Implementation Considerations
- Enumerability: Both Prefl and Mrefl are effectively enumerable, allowing for practical implementation of Bayesian mixtures and Thompson sampling.
- Limit-computability: All key constructions (reflective oracles, mixture policies, optimal strategies) are limit-computable, enabling arbitrary precision approximation.
- Typed Oracles: The extension to non-binary and typed reflective oracles supports heterogeneous action and percept spaces, facilitating deployment in complex multi-agent systems.
- Resource Requirements: The limit-computable algorithms are feasible for implementation on real-world hardware, subject to computational resource constraints inherent in Turing machine simulation and oracle approximation.

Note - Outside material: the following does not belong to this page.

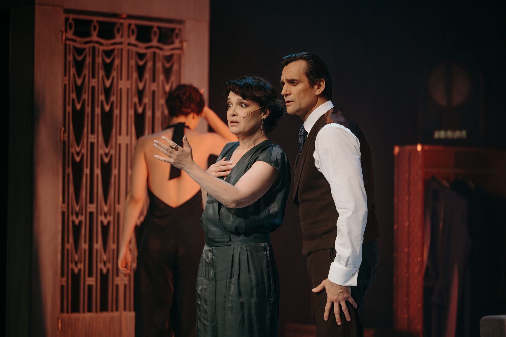 Сюжет мелодраматичный, а сценическое наполнение лаконичное. Софа длиной с лимузин и паникадило-люстра, да и выдвижной прозрачный короб, изображающий ресторан, - весь предметный мир сцены. Режиссёрская ставка на других важных приёмах: игра с освещением и чередование планов. Комбинация такого рода решений помогает монологам Анастасии Светловой менять регистры, что вкупе с выдающейся игрой актрисы даёт богатые эмоциями эпизоды.

Implications and Future Directions
The results provide a rigorous foundation for Bayesian learning in general multi-agent environments, justifying the emergence of Nash equilibria from rational learning dynamics. The framework supports both known and unknown games, and the use of reflective oracles resolves longstanding issues in recursive reasoning and self-prediction.
Future research directions include:
- Characterizing the centrality and uniqueness of reflective oracles among solutions to the grain of truth problem.
- Investigating the intersection and union of Prefl across different reflective oracles.
- Exploring the practical deployment of reflective-oracle based agents in real-world multi-agent systems, including human-computer interaction and cooperative AI architectures.
Conclusion
The paper provides a comprehensive solution to the grain of truth problem for arbitrary computable extensive-form games, constructing a limit-computable class of strategies and environments that supports consistent Bayesian learning and convergence to Nash equilibria. The use of reflective oracles enables principled recursive reasoning and self-prediction, with broad implications for the theory and practice of multi-agent reinforcement learning and game theory.